What you need to do:
Given the listing below, write out exactly the lines starting with the line that has "女性カスケードフリル黒エッジミニスカート段 Faldas 女性サイドジッパー" and going on through the line that has "Roupa Europeia e", both kept.

Records for this task below:

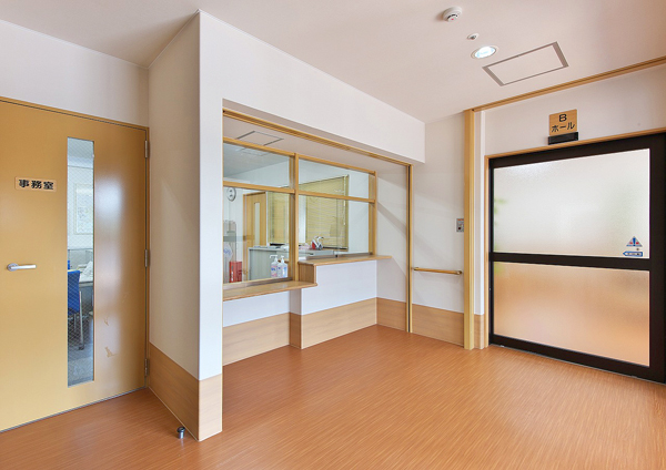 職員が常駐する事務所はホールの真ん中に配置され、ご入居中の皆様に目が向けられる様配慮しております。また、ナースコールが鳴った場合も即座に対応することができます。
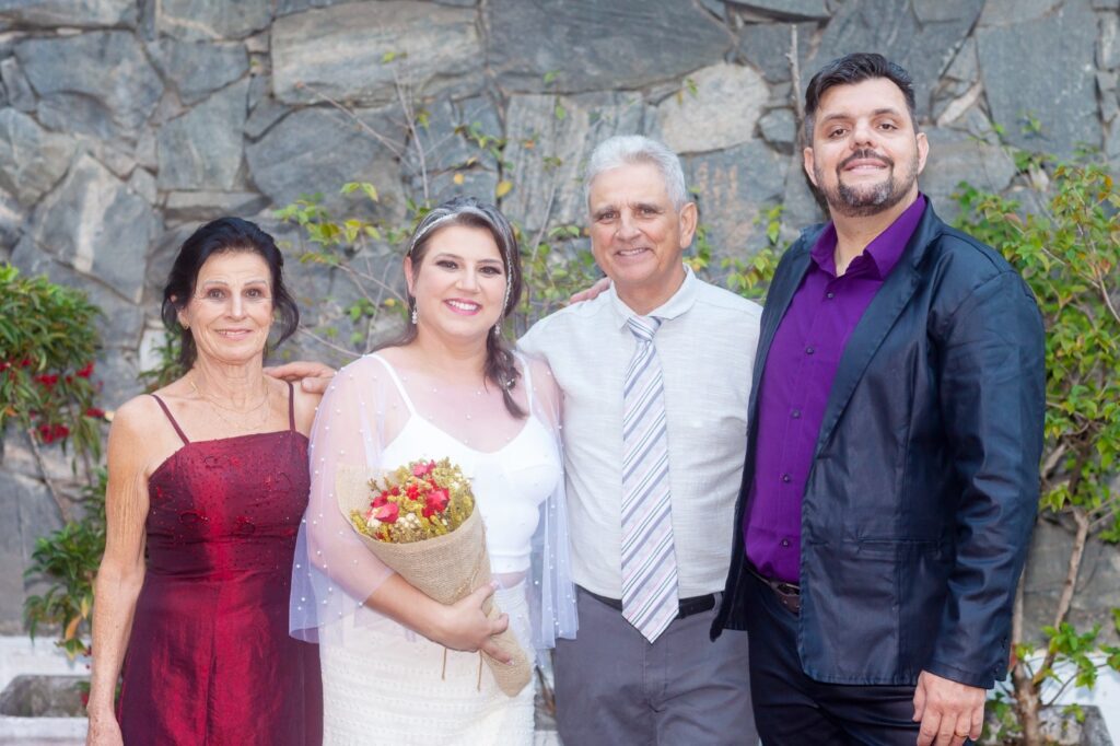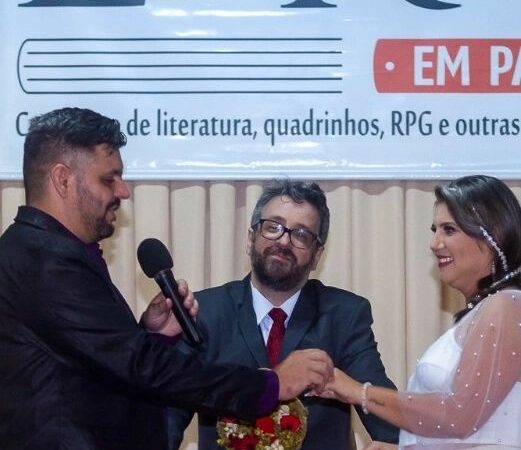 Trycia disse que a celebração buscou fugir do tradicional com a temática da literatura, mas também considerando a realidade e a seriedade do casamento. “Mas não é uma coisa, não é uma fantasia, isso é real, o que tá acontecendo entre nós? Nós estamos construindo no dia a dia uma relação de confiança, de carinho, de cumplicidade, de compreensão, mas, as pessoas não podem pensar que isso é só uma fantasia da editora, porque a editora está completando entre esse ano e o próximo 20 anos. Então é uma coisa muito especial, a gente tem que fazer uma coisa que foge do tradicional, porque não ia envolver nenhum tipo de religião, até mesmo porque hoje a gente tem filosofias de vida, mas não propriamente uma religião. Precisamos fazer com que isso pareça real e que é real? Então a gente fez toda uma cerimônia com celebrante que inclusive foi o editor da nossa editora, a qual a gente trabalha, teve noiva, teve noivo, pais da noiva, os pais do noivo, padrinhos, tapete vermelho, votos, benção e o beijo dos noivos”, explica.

End of Records for this task.
Records for this task below:

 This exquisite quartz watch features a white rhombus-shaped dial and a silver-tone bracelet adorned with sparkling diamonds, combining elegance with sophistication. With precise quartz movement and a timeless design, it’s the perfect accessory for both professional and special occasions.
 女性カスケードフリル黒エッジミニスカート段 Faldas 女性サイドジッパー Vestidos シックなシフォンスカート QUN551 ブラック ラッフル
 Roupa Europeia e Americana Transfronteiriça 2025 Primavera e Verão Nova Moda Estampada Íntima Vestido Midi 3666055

End of Records for this task.

Answer to this task:
 女性カスケードフリル黒エッジミニスカート段 Faldas 女性サイドジッパー Vestidos シックなシフォンスカート QUN551 ブラック ラッフル
 Roupa Europeia e Americana Transfronteiriça 2025 Primavera e Verão Nova Moda Estampada Íntima Vestido Midi 3666055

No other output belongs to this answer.